(COLLECTED DATA Opens)

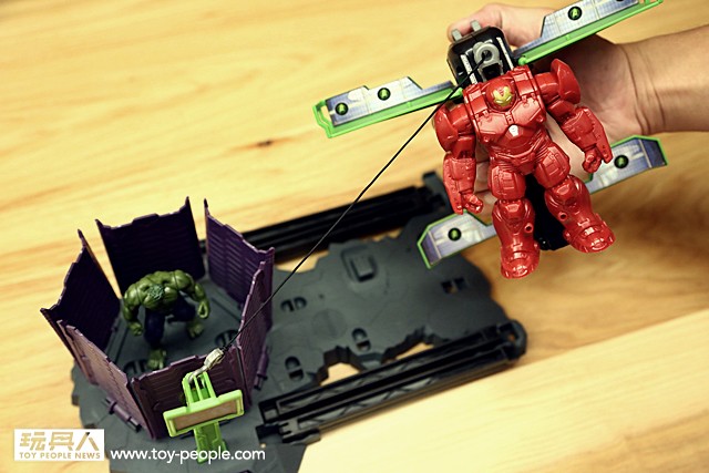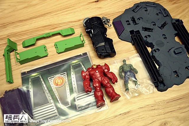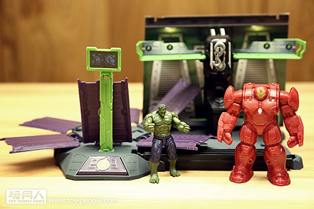 ▼ 第一套是浩克(爆發),以劇中重點的浩克與浩克毀滅者大戰場景為設計。玩具的設計是鋼鐵人藉由衛星鎖定了浩克的位置,空降襲擊了突破(Breakout)囚牢的浩克。
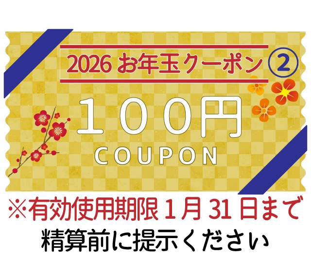 Posted on 2026年1月5日2026年1月5日 by 2026お年玉クーポン配布中です有効使用期限が1月31日までのクーポンとなります。会計前にクーポン内のバーコード画面をご提示下さい。 新着情報一覧
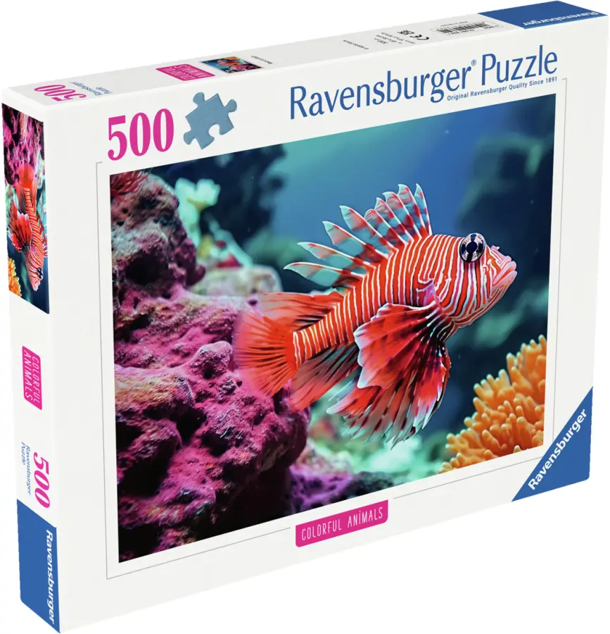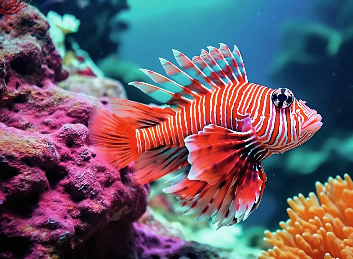 En drakfisk i närbild som simmar i havsgrönt vatten, bland färgstarka koraller.
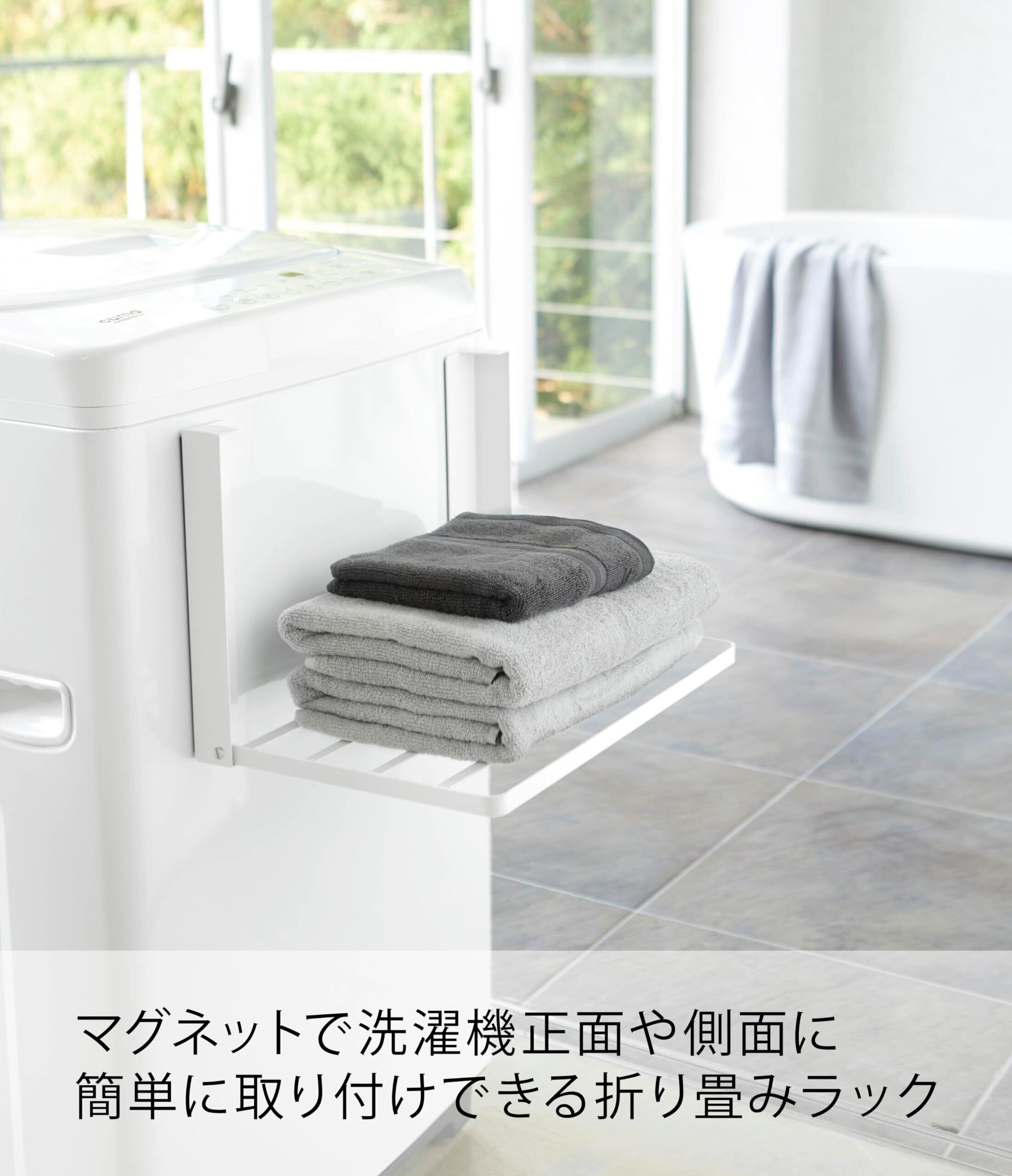 山崎実業(Yamazaki) 洗濯機横 マグネット 折り畳み棚 ホワイト 約W41XD27XH25.5cm タワー tower 省スペース ラック 折り畳み式 5096

(COLLECTED DATA Closes)

WORK INSTRUCTIONS - An exact, picture-free copy of the listing above is the goal; write it out now.

YOUR RESPONSE -
 ▼ 第一套是浩克(爆發),以劇中重點的浩克與浩克毀滅者大戰場景為設計。玩具的設計是鋼鐵人藉由衛星鎖定了浩克的位置,空降襲擊了突破(Breakout)囚牢的浩克。
 Posted on 2026年1月5日2026年1月5日 by 2026お年玉クーポン配布中です有効使用期限が1月31日までのクーポンとなります。会計前にクーポン内のバーコード画面をご提示下さい。 新着情報一覧
 En drakfisk i närbild som simmar i havsgrönt vatten, bland färgstarka koraller.
 山崎実業(Yamazaki) 洗濯機横 マグネット 折り畳み棚 ホワイト 約W41XD27XH25.5cm タワー tower 省スペース ラック 折り畳み式 5096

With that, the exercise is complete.